Все трое побледнели от оскорбления, но задиристый, сузив ненавидящие глаза, бросил, словно плюнул в лицо:
– Киянин – не гость!
Волчар оскалился в ответ, и древляне, правильно поняв это как вызов, бросились к нему. Киянин тоже не стоял на месте. Задиристый отлетел назад, кувыркнулся в пыли княжьего двора, двое других уже были рядом. Но Волчар прыгнул к одноглазому, отшвырнул его ударом ноги в плечо и схватился со шрамолицым. Тот не продержался и нескольких мгновений – Волчар срубил его в пыль.
– Это ещё что такое?! – неподдельно разгневанный голос Боруты перекрыл ропот, что поднялся на дворе. – Ну прямо дети малые!
Волчар глянул древлянскому гридню в глаза, и тот не успел отвести взгляд. Киянин уловил даже не насмешку, только тень насмешки, но этого хватило, чтобы увериться, что всё это подстроено нарочно. Прощупать хотелось древлянам, насколько крепок в коленах киевский кметь.
– Князь Мстивой Ратиборич ждёт, витязь, – радушно сказал Борута.
Высокие бревенчатые стены, смыкающийся шатром дощатый потолок, изразцовая стена печи с лепной глиняной лежанкой, оружие на смолёных янтарных стенах – мечи, копья, секиры, чеканы, сабли, булавы, шестопёры, клевцы, кистени, саксы, совни, бердыши, рогатины, пучки сулиц и швыряльных ножей. Гридня…
Три длинных стола с лавками, и в высоком кресле – человек. Мстивой Ратиборич выглядел внушительно: коренастый тёмно-русый крепыш с длинным чупруном и серыми пронзительными глазами. На гладко выбритой челюсти ходили крутые желваки – мало радости древлянину видеть перед собой киевского кметя.

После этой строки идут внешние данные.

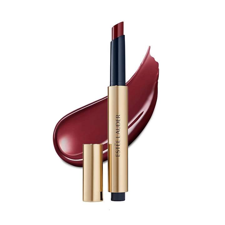 Go darker on your lips in the dark season. I’m into this plumping, balmy, semi-sheer lipstick from Estée Lauder. Neutrogena makes an affordable dupe.
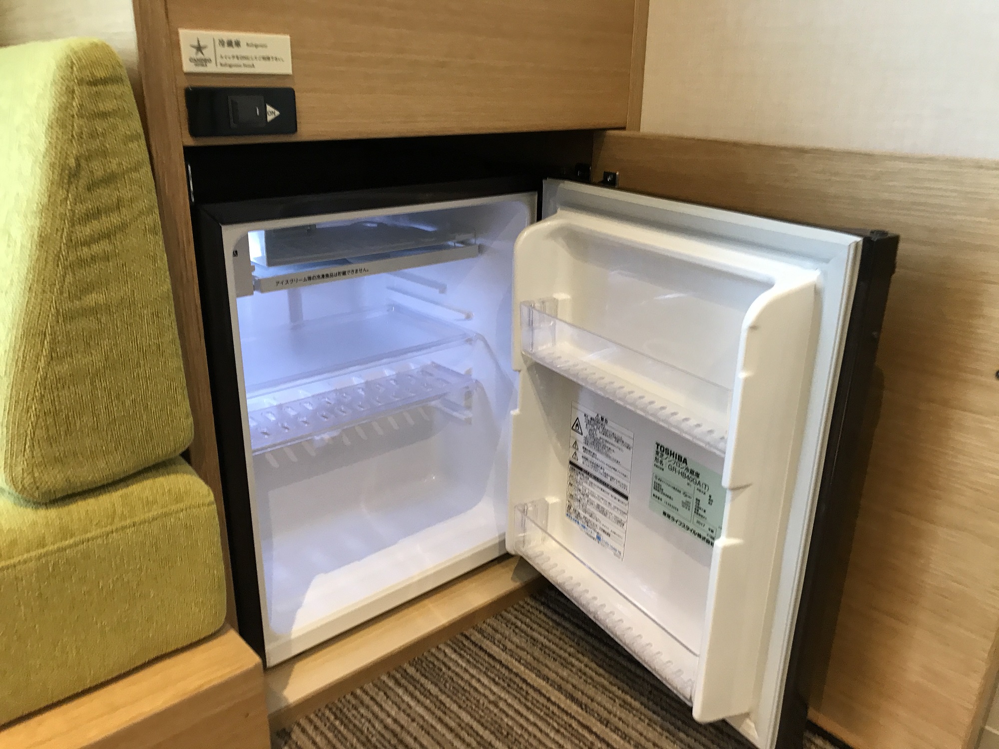冷蔵庫の中は空で、スイッチを切ることもできます。冷蔵庫は小さめで、ドアポケットに350ml缶やペットボトルを入れることはできません。冷蔵庫本体に500mlペットボトルを入れようとすると、高さが足りずに棚に引っかかるという・・・
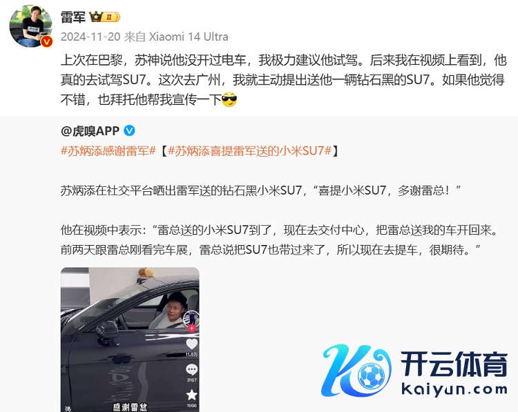 就在今天,极氪官方告示,亚洲飞东说念主喜提极氪009,成为了极氪009车主!本该这亦然一件常见的明星与汽车品牌联动事情,然则由于前不久,雷军送了一台钻石黑的SU7给苏炳添,而小米与极氪属于竞争干系,激勉公共热议。
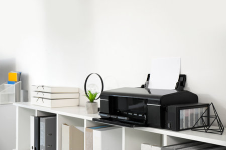 Side view of design printer in office with A paper size engraved on plastic body A4,
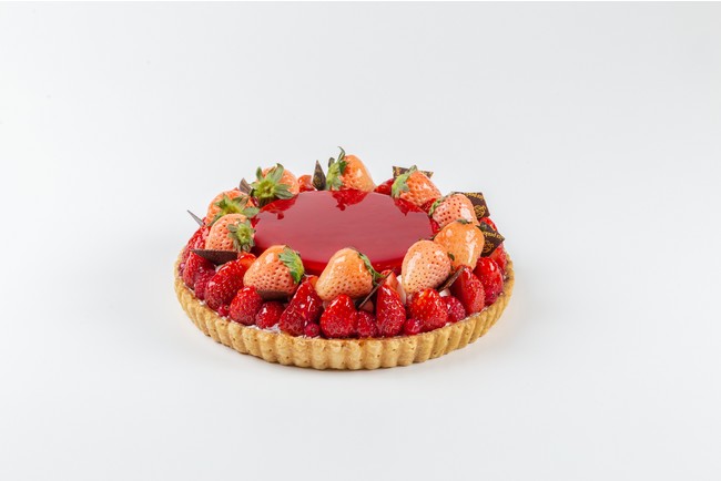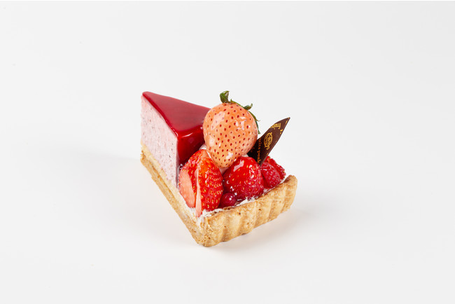 『淡雪といちごムース』は、希少で人気の高い高級白いちご「淡雪」を中心にいちごの花畑をイメージして取り囲むようにラズベリーやレッドカラント、いちごを並べたタルトです。淡いピンク色のいちごムースを真っ赤なグラサージュで鏡面のようにコーティングし、赤と白の2色のいちごの色鮮やかなコントラストが美しい見た目に仕上げました。
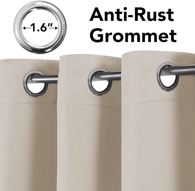 - NATURAL BLACKOUT: Products passed GLOBAL RECYCLED STANDARD certificate.These magic thermal insulated grommet curtain panels can blocks out 99% sun light and prevent 100% UV ray, authoritative lab test that the curtains are vinyl and PVC free, breathable and airy to your room
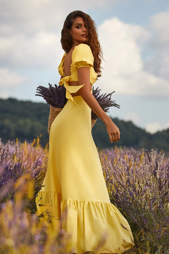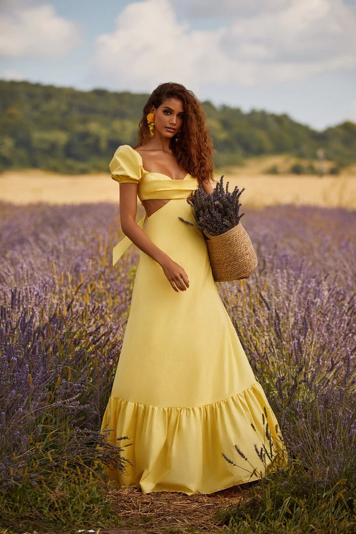 The epitome of effortless summer styling. The Kasia Dress features a bustier with tuck pleats, side cut-outs, and bow tie back. With an a-line silhouette and puff sleeves, this poplin maxi dress brings in all the attention with its bright yellow hue.

– Гой еси, княже, – Волчар поклонился – Мстивой Ратиборич, хоть и древлянин, а всё ж княжьего роду. После того, Вольгиного ещё разорения, древляне князей своих больше не имели, хоть люди княжьего рода у них ещё и не перевелись. Только власти у них вышней не было, и звались они больше не князьями, а княжичами. Но сами древляне всегда звали их князьями, хоть и ходили в Киев за княжьей властью. Отец Мстивоя, Ратибор Вадимич, брат князя Мала, того самого, что казнил Игоря Киевского, добровольно отошёл от власти и даже воевал вместе со Святославом в Диком Поле и на Балканах. Искоростень с того захирел и измельчал, а в Овруче сел киевский наместник. И только когда умерла великая княгиня Вольга, с которой древляне не желали иметь никоторого дела, общедревлянское вече порешило просить у Киева своего князя – негоже народу без князя жить, а своего кияне никогда посадить не дадут.
А после того всё было просто. Святослав надолго ушёл на Дунай, а потом и вовсе сгиб на Хортице, а мальчишку Вольга Святославича древляне окружили своими людьми, кои дудели в уши князю про его права на киевский стол. И тогда Вольг и Владимир быстро сошлись в своей неприязни к старшему брату. Древляне всячески подогревали этот сговор. Чем кончилось дело – знает всякий на Руси.
С тех пор древлянской землёй вновь управляло вече – окончательно выйти из-под власти Киева Овруч пока не решался – а войскую власть держал княжич Мстивой.
– И ты здравствуй, Некрас Горяич, – обронил княжич. – Присел бы, кметье…
Волчар осторожно опустился на длинную лавку вдоль стены, косо глянул на уставленный яствами стол. Стол был не особо богат, но и не беден – дичина, зверина, мясо домашнего зверя и птицы, осенние ещё яблоки и груши, хлеб, медовые заежки и коврижки.
– Угостись, кметье.
После этих слов у Волчара несколько отлегло от души – коль угощают, то, скорее всего, не убьют.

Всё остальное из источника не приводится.